Humans have 23 pairs of chromosomes that contain about 30,000 genes. Each gene is made of strands of DNA “letters” in a specific order, and the letters can change, by mutation, over time. The rate at which changes occur is fairly constant — and very slow.
As a result, genetic mutations can be used as a kind of evolutionary clock. The number of DNA differences between two species’ versions of the same gene is an indication of how long the species have been separate — how long since individuals were last interbreeding and sharing genes.

The loci of the genome comparison-
When Nick Patterson of MIT and his colleagues at the Broad Institute compared the genes of humans and chimps, they found that one of the chromosomes — the female sex chromosome X — was 1.2 million years younger than the others. It appeared the two species shared a common ancestor who gave them both their X chromosomes, and did so more recently than the ancestors who gave them all the other chromosomes.
[and this was in comparison to other primate species, closely and not closely related.]
The best explanation, the scientists think, is that ancient humans and chimps broke away from each other not once, but twice. The first time was more than 6.3 million years ago. The second time was at least a million years later.

but this time frame has always been fuzzy. approximately 5 mil. years is the one I always hear generalized.
…and then there’s the 40 million year ago time that’s hard to find in fossil evidence and the issue of carbon dating from then…maybe these problems have been solved, I don’t know.

Posted by: fauxreal | May 19 2006 19:08 utc | 4

d’oh. make that 40 THOUSAND years ago, not million.

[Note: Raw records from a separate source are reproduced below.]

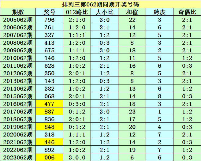 号码012路比:第062期历史同期号码012路比为22:19:16,本期预计012路比开出0:1:2。
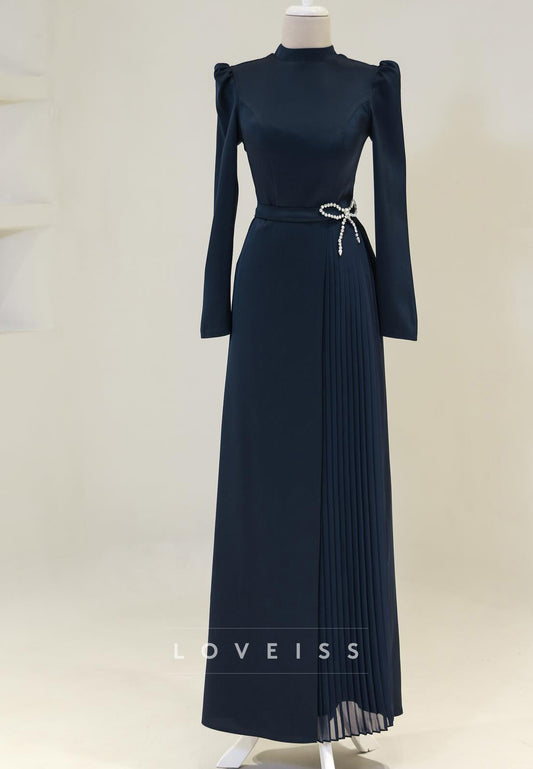 High Neck Long Sleeves Pleated A-Line Mother of Bride Dress
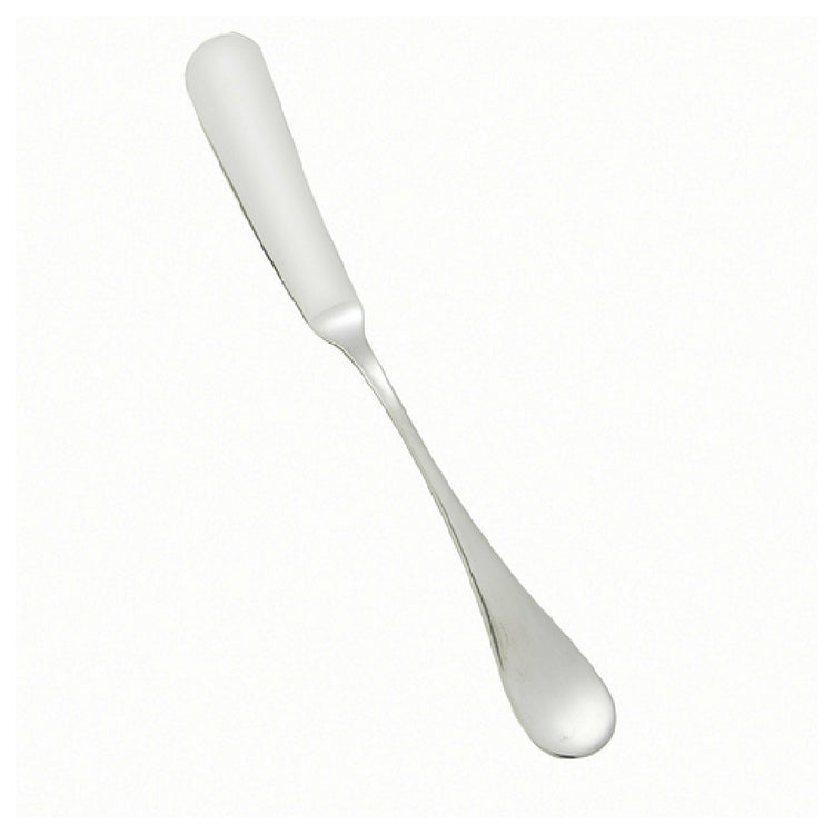 Winco 0037-12 Butter Spreader 6-3/4" 18/8 Stainless Steel is a premium quality utensil crafted for both professional and home culinary settings. Measuring 6-3/4 inches in length, this butter spreader is part of Winco's esteemed Venice collection, renowned for its blend of style and functionality. This utensil is made from 18/8 stainless steel, indicating its composition of 18% chromium and 8% nickel, providing durability, corrosion resistance, and a long-lasting mirror finish that enhances its aesthetic appeal. The extra heavy weight of the spreader not only contributes to its robust feel but also ensures precision and ease of use during food preparation, making it ideal for spreading butter, soft cheeses, or other spreadable toppings with consistent ease. The mirror finish adds a sophisticated touch, making it a suitable choice for elegant table settings in upscale dining establishments or for those seeking to elevate their home entertaining experience. The Winco 0037-12 Butter Spreader is a versatile tool that seamlessly combines practicality with a refined design, catering to the needs of restaurants, catering services, and discerning home cooks who prioritize both performance and style in their kitchen utensils.
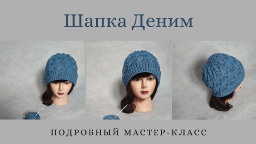 Шапка "Деним" спицами/ Шапка унисекс/ Подробный МК/ #вязаниедляначинающих
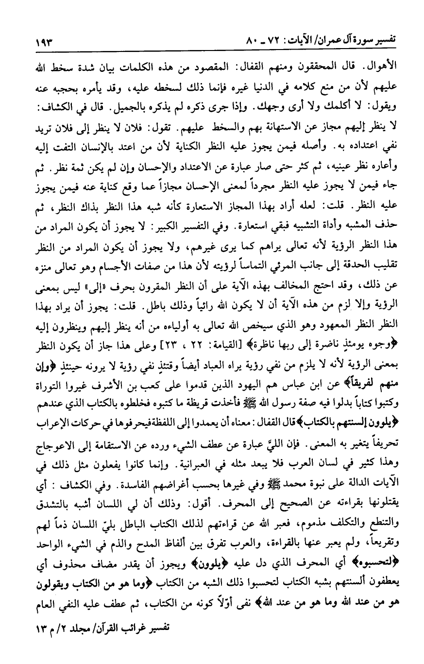 لا ينظر إليهم مجاز عن الاستهانة بهم والسخط عليهم. تقول: فلان لا ينظر إلى فلان تريد نفي اعتداده به. وأصله فيمن يجوز عليه النظر الكناية لأن من اعتد بالإنسان التفت إليه وأعاره نظر عينيه، ثم كثر حتى صار عبارة عن الاعتداد والإحسان وإن لم يكن ثمة نظر. ثم جاء فيمن لا يجوز عليه النظر مجردا لمعنى الإحسان مجازا عما وقع كناية عنه فيمن يجوز عليه النظر. قلت: لعله أراد بهذا المجاز الاستعارة كأنه شبه هذا النظر بذاك النظر، ثم حذف المشبه وأداة التشبيه فبقي استعارة. وفي التفسير الكبير: لا يجوز أن يكون المراد من هذا النظر الرؤية لأنه تعالى يراهم كما يرى غيرهم، ولا يجوز أن يكون المراد من النظر تقليب الحدقة إلى جانب المرئي التماسا لرؤيته لأن هذا من صفات الأجسام وهو تعالى منزه عن ذلك، وقد احتج المخالف بهذه الآية على أن النظر المقرون بحرف «إلى» ليس بمعنى الرؤية وإلا لزم من هذه الآية أن لا يكون الله رائيا وذلك باطل. قلت: يجوز أن يراد بهذا النظر النظر المعهود وهو الذي سيخص الله تعالى به أولياءه من أنه ينظر إليهم وينظرون إليه وُجُوهٌ يَوْمَئِذٍ ناضِرَةٌ إِلى رَبِّها ناظِرَةٌ [القيامة: 22، 23] وعلى هذا جاز أن يكون النظر بمعنى الرؤية لأنه لا يلزم من نفي رؤية يراه العباد أيضا وقتئذ نفي رؤية لا يرونه حينئذ وَإِنَّ مِنْهُمْ لَفَرِيقاً عن ابن عباس هم اليهود الذين قدموا على كعب بن الأشرف غيروا التوراة وكتبوا كتابا بدلوا فيه صفة رسول الله صلى الله عليه وسلم فأخذت قريظة ما كتبوه فخلطوه بالكتاب الذي عندهم يَلْوُونَ أَلْسِنَتَهُمْ بِالْكِتابِ قال القفال: معناه أن يعمدوا إلى اللفظة فيحرفونها في حركات الإعراب تحريفا يتغير به المعنى. فإن الليّ عبارة عن عطف الشيء ورده عن الاستقامة إلى الاعوجاج وهذا كثير في لسان العرب فلا يبعد مثله في العبرانية. وإنما كانوا يفعلون مثل ذلك في الآيات الدالة على نبوة محمد صلى الله عليه وسلم وفي غيرها بحسب أغراضهم الفاسدة. وفي الكشاف: أي يقتلونها بقراءته عن الصحيح إلى المحرف. أقول: وذلك أن لي اللسان أشبه بالتشدق والتنطع والتكلف مذموم، فعبر الله عن قراءتهم لذلك الكتاب الباطل بليّ اللسان ذما لهم وتقريعا، ولم يعبر عنها بالقراءة، والعرب تفرق بين ألفاظ المدح والذم في الشيء الواحد لِتَحْسَبُوهُ أي المحرف الذي دل عليه يَلْوُونَ ويجوز أن يقدر مضاف محذوف أي يعطفون ألسنتهم بشبه الكتاب لتحسبوا ذلك الشبه من الكتاب وَما هُوَ مِنَ الْكِتابِ وَيَقُولُونَ هُوَ مِنْ عِنْدِ اللَّهِ وَما هُوَ مِنْ عِنْدِ اللَّهِ نفى أوّلا كونه من الكتاب، ثم عطف عليه النفي العام
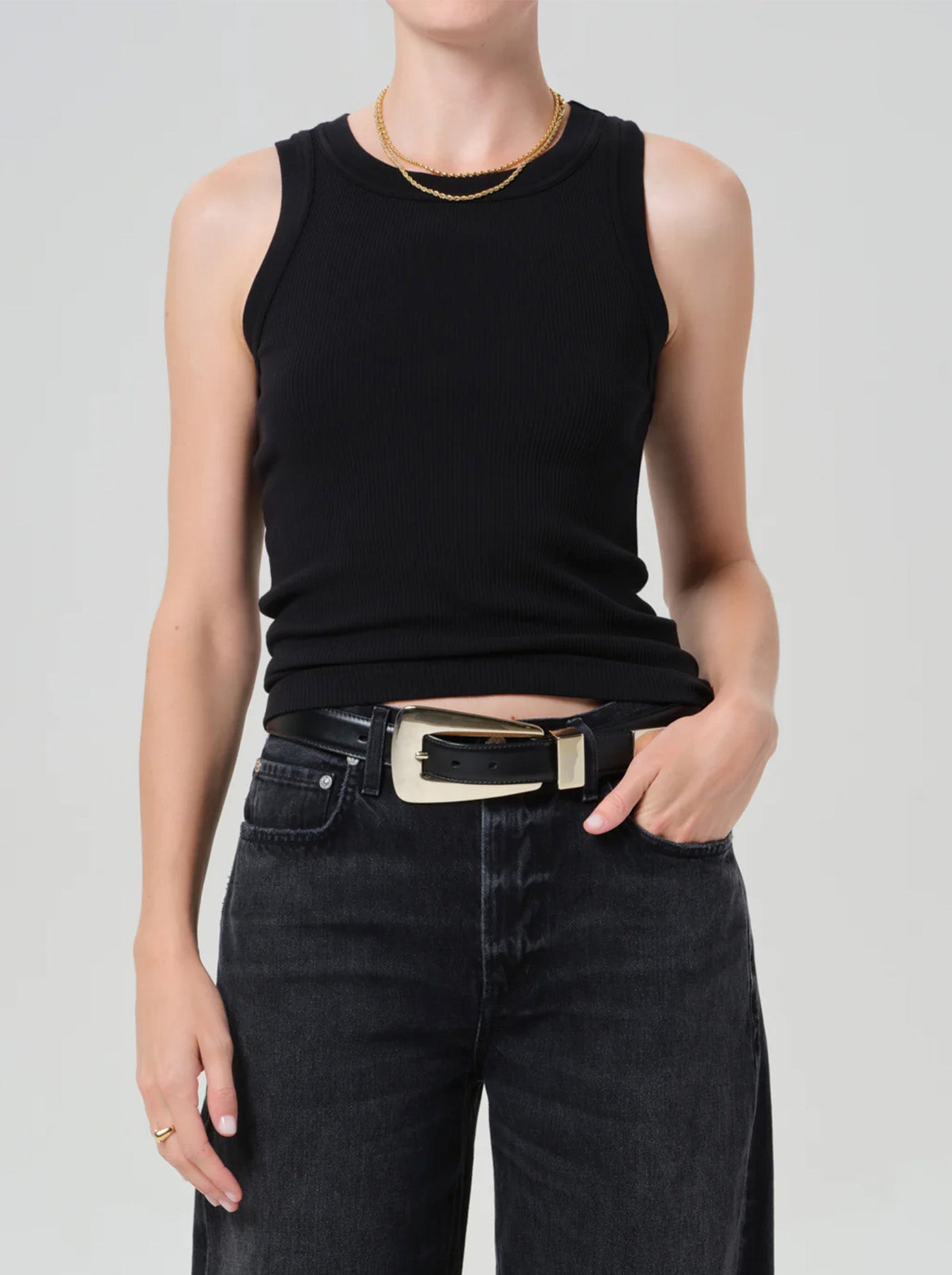 Cut from a close fitting rib fabrication, the Isabel Rib Tank from Citizens of Humanity features a flattering, supportive feel that can be layered or worn on its own. Wear with a full-length skirt and sandals in the summer.
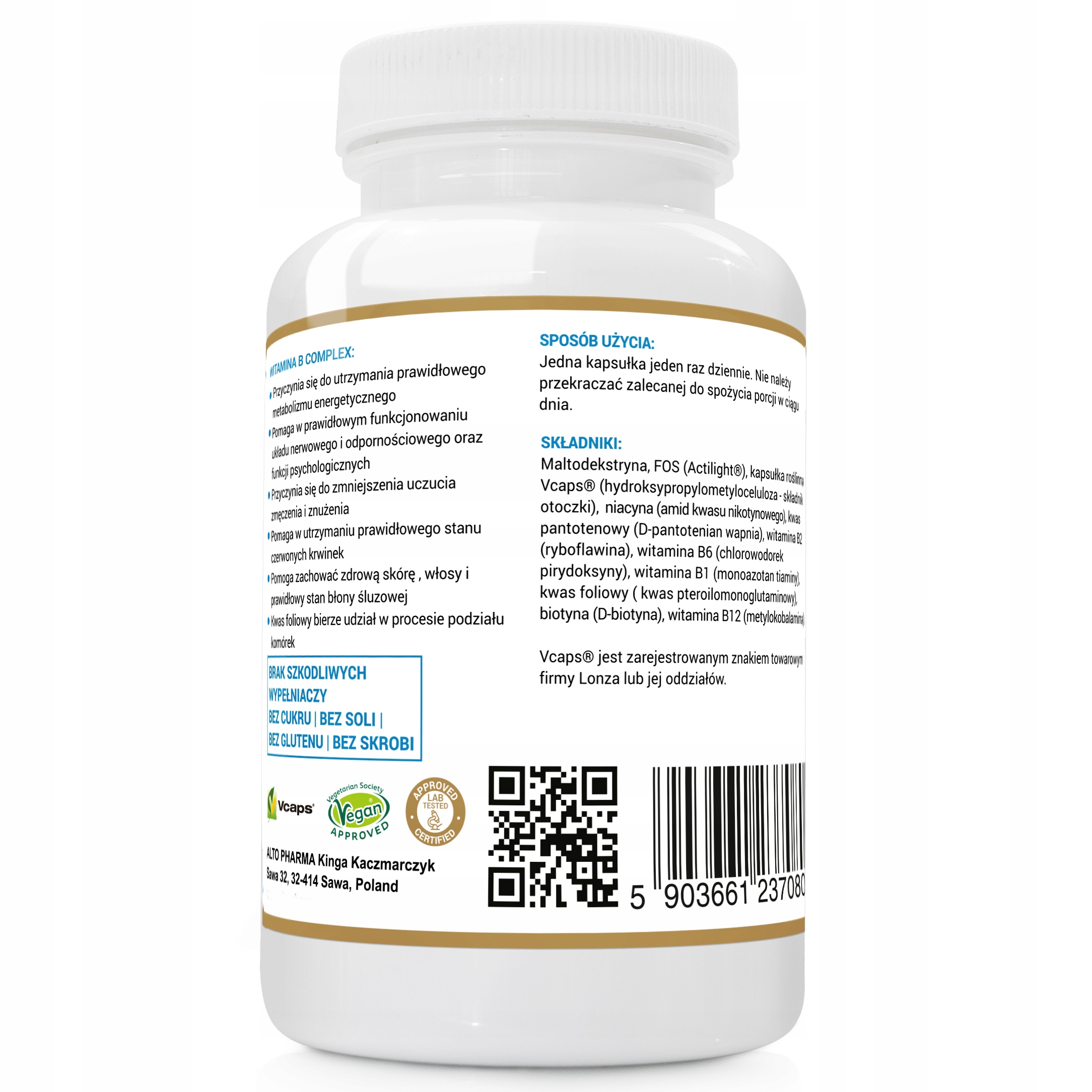 СКЛАД: мальтодекстрин, FOS (Actilight®), рослинна капсула Vcaps® (гідроксипропілметилцелюлоза - компонент оболонки), ніацин (нікотинамід), пантотенова кислота (кальцій D-пантотенат), вітамін B2 (рибофлавін), вітамін B6 (піридоксину гідрохлорид), вітамін B1 (тіаміну мононітрат), фолієва кислота (птероілмоноглутамінова кислота), біотин (D-біотин), вітамін B12 (метилкобаламін).
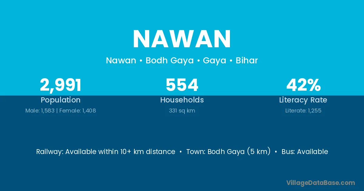 The literacy rate of Nawan village is 60.19%. Male literacy stands at 70.11% and female literacy at 49.14%.
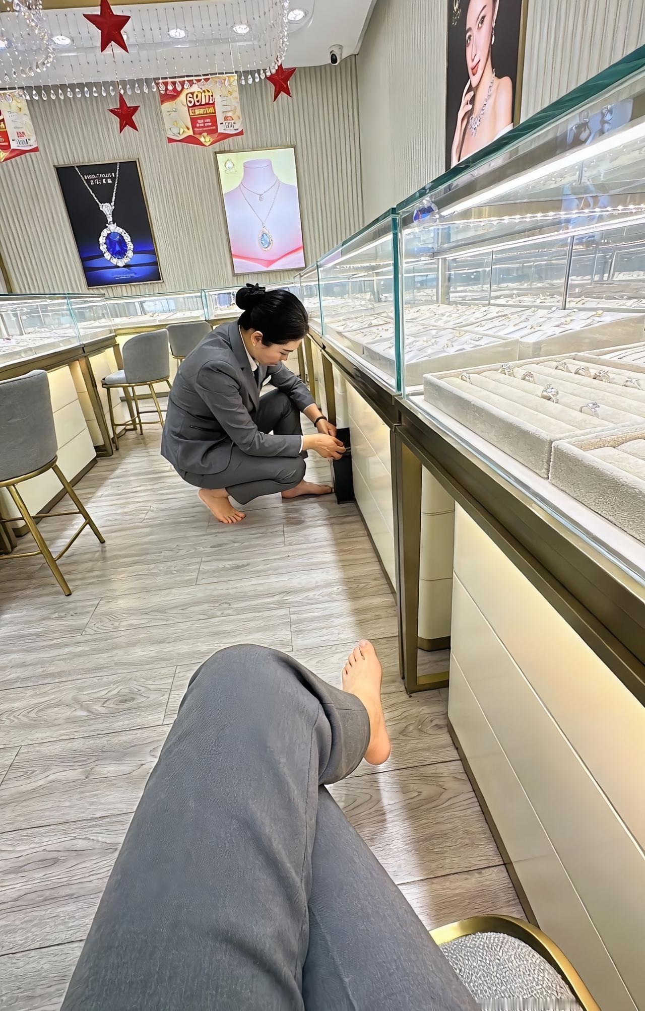 逛珠宝店偶遇离谱一幕!店员小姐姐们都光脚工作,瞬间脑补出“珠宝店的隐藏规矩”~咱就是说,难道这是为了避免刮花珠宝?有没有业内人士来揭秘一下? 珠宝店趣事 职场奇葩操作
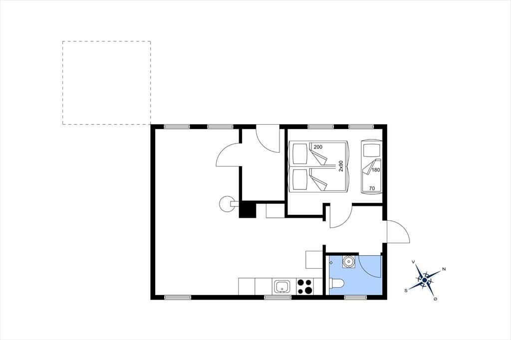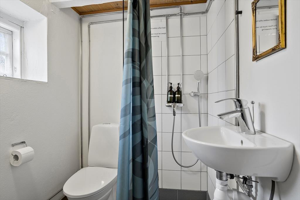 Fra parkeringspladsen er der via den gamle stalddør indgang til stor baggang med adgang til nyt badeværelse, samt lyst vestvendt soveværelse med el radiator, dobbeltseng og enkelt seng med mål 70 x 180.
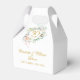 Elégant ballotin d'anniversaire de 50ème mariage doré fleuri avec une jolie guirlande rose avec des noms personnalisés et date spéciale dans la typographie or chic. Vous pouvez également personnaliser avec votre propre message de remerciement sous le couvercle. Une façon parfaite de remercier vos invités ! Conçu par Thisisnotme©
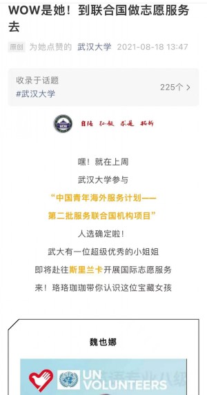 2019级英语语言文学专业研究生魏也娜同学从全国众多学子中脱颖而出,通过层层选拔成为“中国青年海外服务计划——第二批服务联合国机构项目”的人选,成为斯里兰卡国际服务志愿者,为传递真实的中国形象,促进中外文化交流而努力。
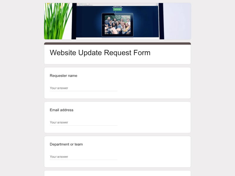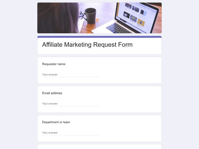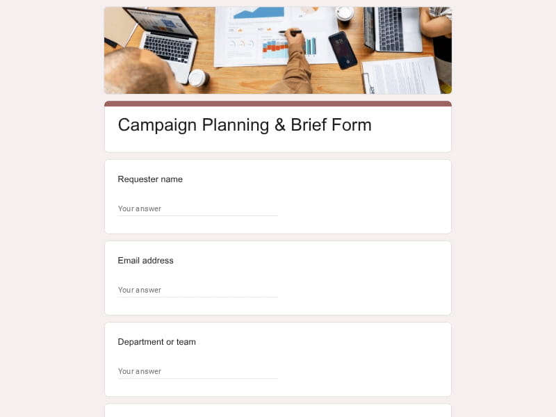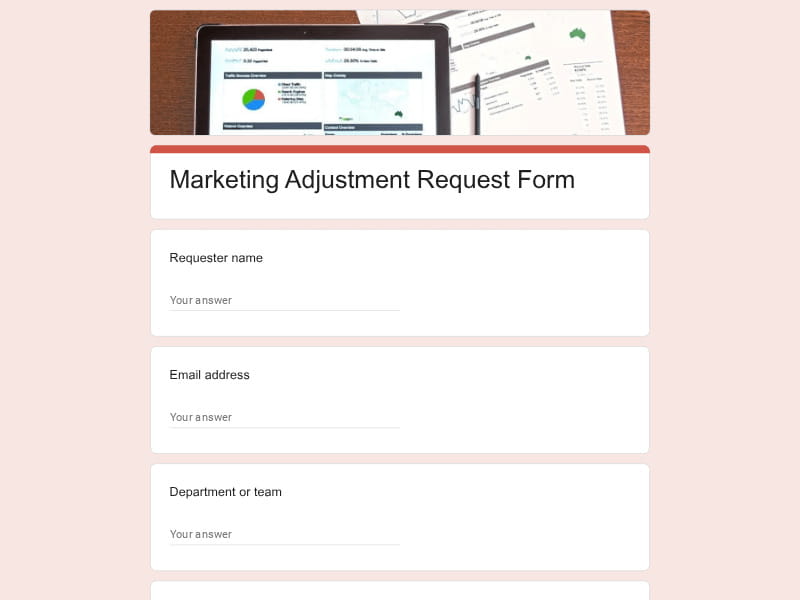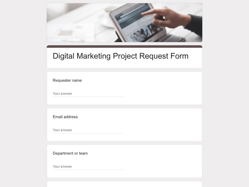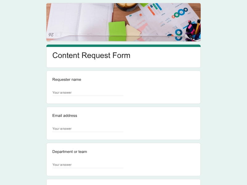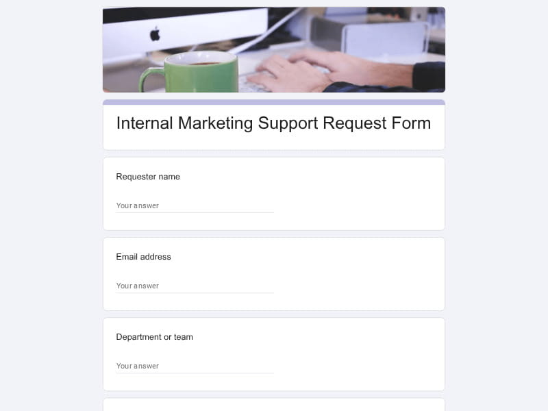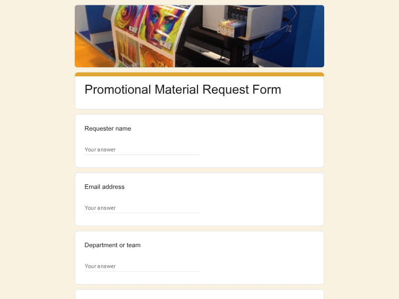 Using this marketing request form in Google Forms makes the process simple and accessible, allowing teams to collect requests in a consistent format, store responses automatically, and review submissions in one shared place. It also helps standardize internal workflows, keeps communication organized, and makes it easier to manage promotional, digital, and website-related marketing tasks.

Posted by: fauxreal | May 19 2006 19:09 utc | 5

When Nick Patterson of MIT and his colleagues at the Broad Institute compared the genes of humans and chimps, they found that one of the chromosomes — the female sex chromosome X — was 1.2 million years younger than the others.
I knew women just love gorrillas :-/snark

Posted by: b | May 19 2006 19:24 utc | 6

b- gorillas are all talk…or actually all flailing arms and fights with other males. they have penises the size of doorknobs and take a few seconds to ejaculate (like common chimps)
–I think the human female did a great job selecting for males that have at least a 50/50 chance of finding the g-spot, until they were able to read The Guide to Getting It On.
My guess is that that female was minding her own business, bent over washing fruit off in the lake, and a chimp just could resist…

Posted by: fauxreal | May 20 2006 15:18 utc | 7

wait, doorknob wasn’t the idea…I meant the little knobs on kitchen cabinet doors…
sorry, must be scientifically concise when comparing ape anatomy to kitchen decor.